さらに、登録を受けている業者の名称を騙る「なりすまし詐欺」の事例も確認されているため、業者名だけで安心せず、金融庁の公式検索機能で登録状況を確認することが不可欠です。
「必ず値上がりする」「元本保証」をうたう勧誘
「金は絶対に値下がりしない」「元本保証で年利10%以上」といった説明で投資を勧誘するケースも報告されています。しかし、金の価格は日々変動しており、元本保証という概念自体が金投資には当てはまらないものです。
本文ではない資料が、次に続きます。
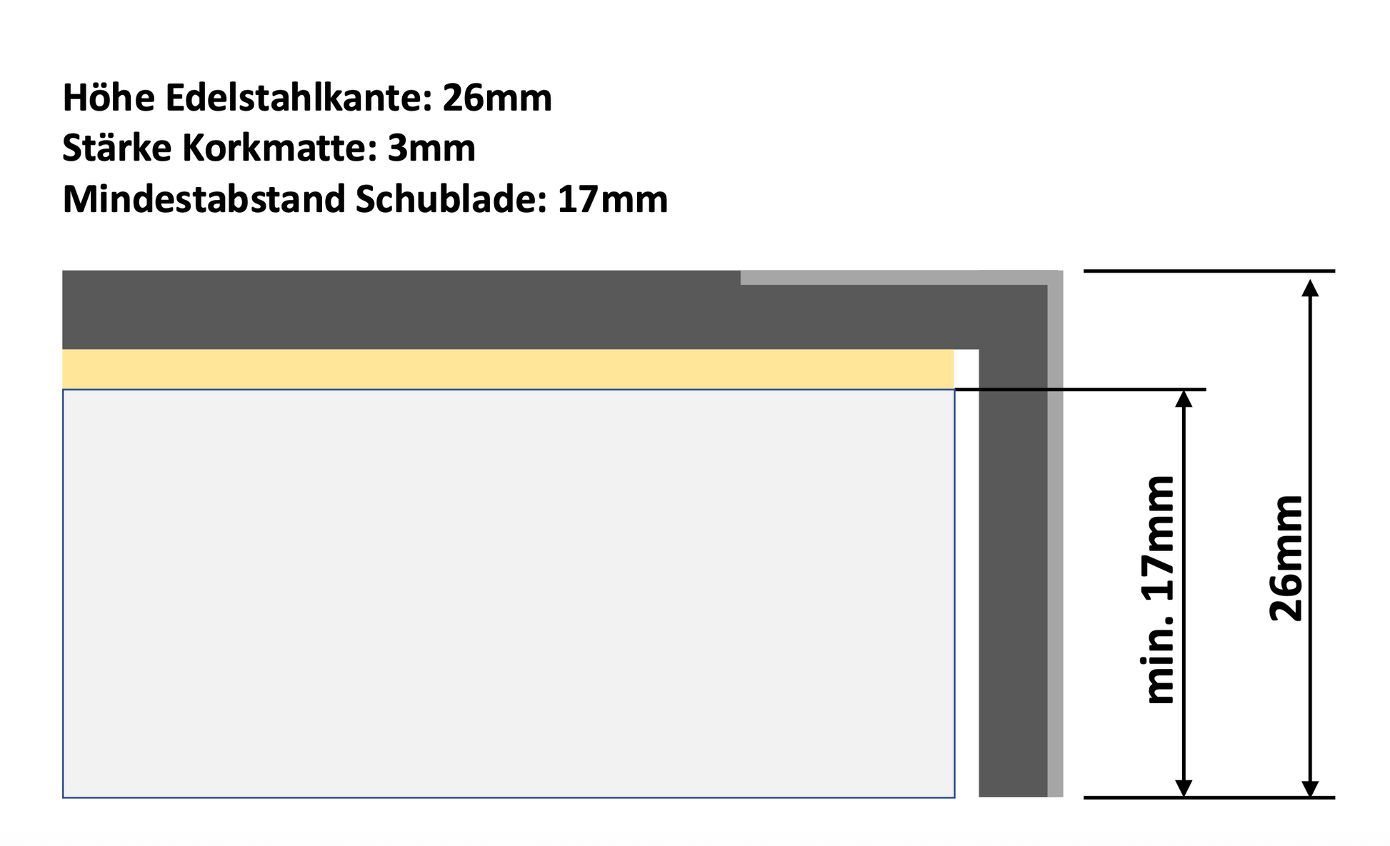 Höhe Edelstahlkante: 26mm

金融商品取引法では、利益の保証や損失の補填を約束して勧誘する行為(断定的判断の提供)が禁止されている点も押さえておきましょう。
「必ず儲かる」「元本保証」「今だけ」「限定」といった言葉が出た時点で、詐欺の可能性を疑うべきでしょう。
貴金属の強引な訪問買取(押し買い)
金投資の「購入時」だけでなく、「売却時」のトラブルにも注意が必要です。国民生活センターによると、「不用品を買い取る」と電話で来訪の承諾を得たうえで、訪問後に「貴金属はないか」としつこく迫り、金のアクセサリーや金地金を相場より著しく安い価格で強引に買い取る「押し買い」の被害が増加しています。
国民生活センターの発表によると、訪問購入に関する相談件数は増加傾向にあり、契約当事者の約8割が女性、約7割が60歳以上の高齢者であるという特徴があります。特定商取引法では、消費者が事前に承諾していない商品の買取勧誘は禁止されていますが、法律を無視する悪質業者が後を絶ちません。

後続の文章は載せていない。